Imagine living in a house made largely of recycled material like tires, glass bottles and tin cans, with a dose of earth, clay, hay and rock. You produce your water through rain harvesting, your own electricity through photovoltaic panels and windmills, and your own food in a greenhouse.
In a remote Lebanese village called Baskinta, architect Nizar Haddad and his team are morphing that vision into reality through the Lifehaus Project. Their idea for the Middle East’s first low-cost, fully sustainable home fashioned from recycled material and ancestral techniques was catalyzed by Lebanon’s infamous waste crisis in 2015, which saw an entire sanitation plant shut down and garbage left to pile up prohibitively in the streets.
It is among a series of initiatives that engineers, architects, educational institutions and communities are taking to challenge the traditional shortsightedness that has marked Lebanon’s approach to waste management.
The municipality of Beit Mery has commissioned Cedar Environmental’s founder and CEO Ziad Abichaker to develop a sorting plant that separates organics from inorganics. The American University of Beirut is trying to set an example among educational institutions and keeps close tabs on all potential contaminants produced on its campus — from battery collection and asbestos disposal to radioactive waste management and water conservation.
We felt that we could no longer wait.
Nadine Mazloum, writer involved with developing affordable, off-the-grid accommodations
A major commercial building in downtown Beirut called M1 recently became the first in Lebanon to receive the coveted LEED Platinum rating for its comprehensive sustainability scheme. And a range of grassroots initiatives aimed at sustainable development in Lebanon and at pressuring the government to do more have sprung up in the aftermath of the waste debacle, hinting at a wider people’s movement. These are all still baby steps given the magnitude of Lebanon’s challenge but represent a definite awakening.
“We felt that we could no longer wait,” said Nadine Mazloum, a Lebanese-Australian journalist and blogger who, together with Haddad, helped develop the notion of affordable, off-the-grid living accommodations in Lebanon’s rural mountains.
Lebanon’s waste management crisis could have been predicted years in advance. The Naameh landfill to the south of Beirut, inaugurated in 1998 as part of an emergency plan to close the Burj Hammoud dump, accumulated eight times its capacity in waste and exceeded its lifespan by a dozen years. The government extended its existence without properly disposing of waste or addressing the issue of finding a new landfilling site.
Following its closure in the summer of 2015, government authorities lacked a contingency plan to deal with waste generated by residents. Solutions were proposed, but what panned out — the construction of two new landfills in the southern and northern regions of Beirut — is temporary and unsustainable. Lebanon is fraught with political gridlock, lack of transparency in regulations and an inconsistent enforcement of laws. And progress can be elusive.

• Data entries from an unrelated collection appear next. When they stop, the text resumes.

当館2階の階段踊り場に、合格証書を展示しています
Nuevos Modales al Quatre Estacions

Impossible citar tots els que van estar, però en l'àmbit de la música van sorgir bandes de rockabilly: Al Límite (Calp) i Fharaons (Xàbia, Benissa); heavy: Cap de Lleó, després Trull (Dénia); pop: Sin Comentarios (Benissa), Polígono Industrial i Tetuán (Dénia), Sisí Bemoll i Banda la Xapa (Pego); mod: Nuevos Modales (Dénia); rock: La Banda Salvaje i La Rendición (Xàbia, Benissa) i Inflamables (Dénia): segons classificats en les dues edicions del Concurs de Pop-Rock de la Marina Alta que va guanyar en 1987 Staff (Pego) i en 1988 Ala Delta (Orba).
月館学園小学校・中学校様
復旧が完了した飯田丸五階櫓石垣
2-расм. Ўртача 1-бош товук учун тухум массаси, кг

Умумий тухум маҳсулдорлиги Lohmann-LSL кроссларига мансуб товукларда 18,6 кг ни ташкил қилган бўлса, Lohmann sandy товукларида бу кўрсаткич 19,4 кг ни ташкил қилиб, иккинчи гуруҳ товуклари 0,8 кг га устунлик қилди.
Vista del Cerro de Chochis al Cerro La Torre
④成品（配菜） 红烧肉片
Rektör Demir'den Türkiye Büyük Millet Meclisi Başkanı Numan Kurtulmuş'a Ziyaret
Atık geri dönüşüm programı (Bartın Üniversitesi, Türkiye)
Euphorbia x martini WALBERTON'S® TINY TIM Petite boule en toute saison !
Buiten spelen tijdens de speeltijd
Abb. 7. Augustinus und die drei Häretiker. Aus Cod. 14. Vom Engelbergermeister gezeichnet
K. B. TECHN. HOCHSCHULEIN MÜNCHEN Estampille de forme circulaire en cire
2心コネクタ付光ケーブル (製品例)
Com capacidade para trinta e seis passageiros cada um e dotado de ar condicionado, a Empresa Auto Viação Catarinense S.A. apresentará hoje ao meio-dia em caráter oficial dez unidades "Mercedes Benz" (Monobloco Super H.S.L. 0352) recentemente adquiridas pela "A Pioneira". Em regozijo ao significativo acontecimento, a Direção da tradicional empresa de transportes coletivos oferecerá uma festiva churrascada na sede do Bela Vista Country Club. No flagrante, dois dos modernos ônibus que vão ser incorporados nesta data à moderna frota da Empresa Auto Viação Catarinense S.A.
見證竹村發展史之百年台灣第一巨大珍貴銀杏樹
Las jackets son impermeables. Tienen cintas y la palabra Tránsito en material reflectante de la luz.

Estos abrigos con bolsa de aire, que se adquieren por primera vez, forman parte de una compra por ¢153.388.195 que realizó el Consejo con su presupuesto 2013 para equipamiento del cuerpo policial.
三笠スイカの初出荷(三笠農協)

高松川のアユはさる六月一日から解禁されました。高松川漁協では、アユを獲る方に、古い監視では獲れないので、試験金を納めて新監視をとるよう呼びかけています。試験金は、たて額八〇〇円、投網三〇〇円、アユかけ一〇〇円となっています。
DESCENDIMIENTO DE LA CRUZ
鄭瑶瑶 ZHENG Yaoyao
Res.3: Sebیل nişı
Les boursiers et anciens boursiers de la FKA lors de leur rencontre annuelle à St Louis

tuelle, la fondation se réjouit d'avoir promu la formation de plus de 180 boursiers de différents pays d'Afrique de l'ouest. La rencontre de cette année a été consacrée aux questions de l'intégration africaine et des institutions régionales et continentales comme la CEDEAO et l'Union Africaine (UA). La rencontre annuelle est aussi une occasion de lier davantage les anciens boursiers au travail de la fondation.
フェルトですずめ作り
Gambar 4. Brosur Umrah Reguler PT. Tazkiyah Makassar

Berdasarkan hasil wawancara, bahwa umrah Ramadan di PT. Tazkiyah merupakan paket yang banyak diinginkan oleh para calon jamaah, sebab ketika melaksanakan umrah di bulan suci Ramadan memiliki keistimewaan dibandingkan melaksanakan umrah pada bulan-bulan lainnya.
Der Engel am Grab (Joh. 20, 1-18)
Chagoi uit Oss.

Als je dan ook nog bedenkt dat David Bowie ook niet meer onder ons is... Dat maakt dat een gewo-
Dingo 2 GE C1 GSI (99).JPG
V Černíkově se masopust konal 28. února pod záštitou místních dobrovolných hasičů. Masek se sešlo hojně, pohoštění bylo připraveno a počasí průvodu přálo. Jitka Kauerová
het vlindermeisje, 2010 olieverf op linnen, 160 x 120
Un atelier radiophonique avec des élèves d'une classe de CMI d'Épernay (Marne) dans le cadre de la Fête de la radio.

That’s why some communities are taking matters into their own hands. At the Beit Mery separation plant, waste is recycled and composted, whereas untreatable materials are compressed under high temperature and formed into eco-boards for use in green walls and prefabricated houses, among other applications.
“Now it’s going to be a bag; later on it’s going to become a chair, or it’s going to become a vertical green wall,” says Abichaker. “Everything gets remanufactured. This is what we do.”
A multidisciplinary engineer who specializes in building municipal recycling facilities at the communal level, Abichaker operates 12 recycling plants. Most municipalities in Lebanon and the Middle East cannot afford to acquire recycling plants, so Abichaker sought loans from local banks to erect proprietary recycling facilities. Municipalities only pay for the service of recycling and composting in reasonable monthly installments. Everything is either recycled or repurposed into a second life. “People don’t believe that kind of change is possible. Hey, this is being done. It is feasible,” insists Abichaker.
At AUB, faculty and students are implementing a campaign to move the university toward zero waste by preventing trash generation and actively pursuing recycling, reducing and reusing. Farouk Merhebi, director of AUB’s Environmental Health, Safety and Risk Management department and an expert in municipal solid waste management, senses a growing interest in citizens to recycle.
“We feel it at AUB from staff bringing their own recyclables to AUB to give them to arcenciel,” Merhebi states, referring to a Lebanese NGO that participates in sustainable development.
Grassroots initiatives are emerging too. Recycle Lebanon serves as a hub of economic, societal and environmental issues and initiatives concerning sustainable development in Lebanon. The Waste Management Coalition aims to pressure the government to institute sustainable solutions for the yet unsolved trash problem.
The impact of these efforts is limited by a lack of government support. “We sometimes feel as though we — people seeking genuine change — are pulling in one direction while the government is pushing in the opposite direction,” said Mazloum. “When we look at decision makers pushing for archaic solutions like incinerators as a solution to the garbage crisis, it’s truly disheartening.”
But public sensitization can fill at least some of that void by making citizens feel accountable, suggests Merhebi. Mazloum remains hopeful that policymakers realize “before it’s too late the gravity of the situation and how important it is not to take time for granted.”
Till then, it is citizens’ initiatives that remain Lebanon’s best bet.